With these caveats out of the way, we’ll be digging into how OKC’s young prospects performed in Utah and Vegas.

Chet Holmgren

Let’s start off with the player with possibly the most eyes on him in all of Vegas, Chet Holmgren.

I thought Chet was fantastic in both settings this summer. He finished both leagues averaging 14 points, 8.4 rebounds, 2.8 assists, and 2.8 blocks. Chet attempted 3.8 threes and 3.4 free throws in 26 minutes of game action, a good sign of him continuing to have confidence from beyond the arc (he also shot 42.1 percent on threes, for what it’s worth). I thought his passing was fantastic in all of the games I watched, as he was able to find open cutters under the basket and also flashed the ability to drive and kick out to open threes. He did not do much drive and kick at Gonzaga, so the signs of that were super encouraging. He showcased a one-legged Dirk fadeaway and an incredible crossover into midrange pullup that looked incredibly fluid for a player of his size. I love seeing players try to expand their games during SL and am always encouraged by these sort of reps.

His defense was as advertised and delivered on what I expected. He was a dominant interior presence against everyone not named Kenny Lofton, and even then he defended Lofton well on most of their possessions matched up together. The Summer League refs were not the greatest, as you might expect, and a few goaltending calls were wrongfully whistled against Chet. His timing and instincts on this end are truly phenomenal; pairing that with his length produces a pretty dominant shot-blocker on the interior. He had a few mistakes on the perimeter when switched out onto quicker players. As I said pre-draft, he is not Evan Mobley in that aspect, so I wouldn’t expect him to be able to hang out there consistently.

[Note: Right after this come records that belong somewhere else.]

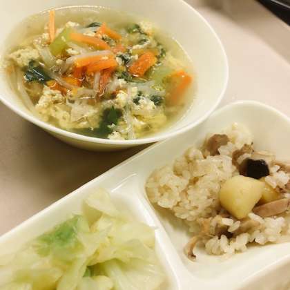 今日は中華メニューです。中華おこわと卵スープ、キャベツのオイスターソースいため。おこわは栗やチャーシューが入っています。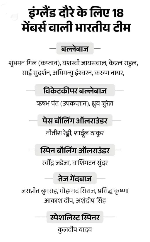 टीम इंडिया – इंग्लैंड टेस्ट सीरीज 2025 के लिए 18 सदस्यीय स्क्वॉड: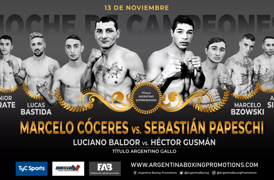 El boxeo argentino continúa con todo en una noche repleta de campeones y grandes nombres de la mano de Argentina Boxing Promotions por TyC Sports. El ex múltiple campeón latino y retador mundialista entrerriano Marcelo “El Terrible” Cóceres se enfrentará al ex monarca sudamericano bonaerense Sebastián “La Promesa” Papeschi, en disputa del título argentino supermediano interino, en uno de los combates estelares de la velada que se desarrollará este viernes, 13 de noviembre, en el Complejo Deportivo del Club Atlético, Social y Deportivo Camioneros, sito en Ruta de la Tradición 6300, Luis Guillón, provincia de Buenos Aires, Argentina, en una nueva producción de Argentina Boxing Promotions, de Mario Margossian, que será transmitida en vivo a través de TyC Sports a partir de las 23:30, para Argentina y toda América.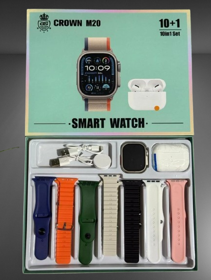 The Crown M20 Smart Watch is a versatile wearable designed to keep you connected and health‑aware on a budget. With full touchscreen display and Bluetooth calling support, you can make and receive calls straight from your wrist. It tracks heart rate, blood oxygen (SpO₂), sleep quality, and basic fitness — including steps and various sports modes (running, walking, cycling, etc.). The combo package often comes with wireless earbuds, offering added value for music and calls. Its sleek design, smartphone‑compatibility (Android and iOS), and smart notifications (calls, messages, social apps) make it a practical daily use smartwatch.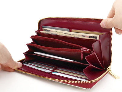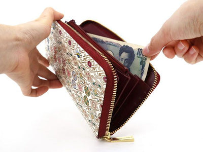 Generously-sized long wallet creates a broad palette to enjoy the bunko leather pattern.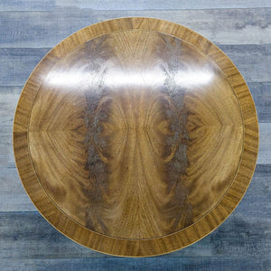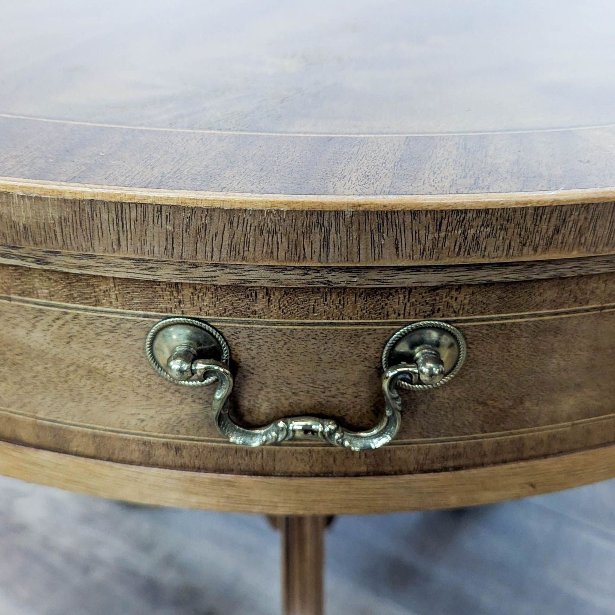 The table has two drawers with foliate brass pulls, and several other faux drawers just under the tabletop. It has a vase-turned stem and stands on three splayed legs, capped with brass feet. Burled and inlaid top and drawers.

A couple of nitpicking issues that I have with Holmgren as I have such high regards for him as a player: his screening was pretty terrible and his handle was a bit loose. His screens so far have provided the ball handler with almost no advantages and he does not make good contact with the defender when setting them. Regarding his handle, I thought on reps where he had the ball and behind-the-back and other moves, it was shaky more often than not. This isn’t a huge deal immediately, because he’s 7’1 tall and has many other skills, but tightening the handle will be a big step if he’s ever going to be a star offensively.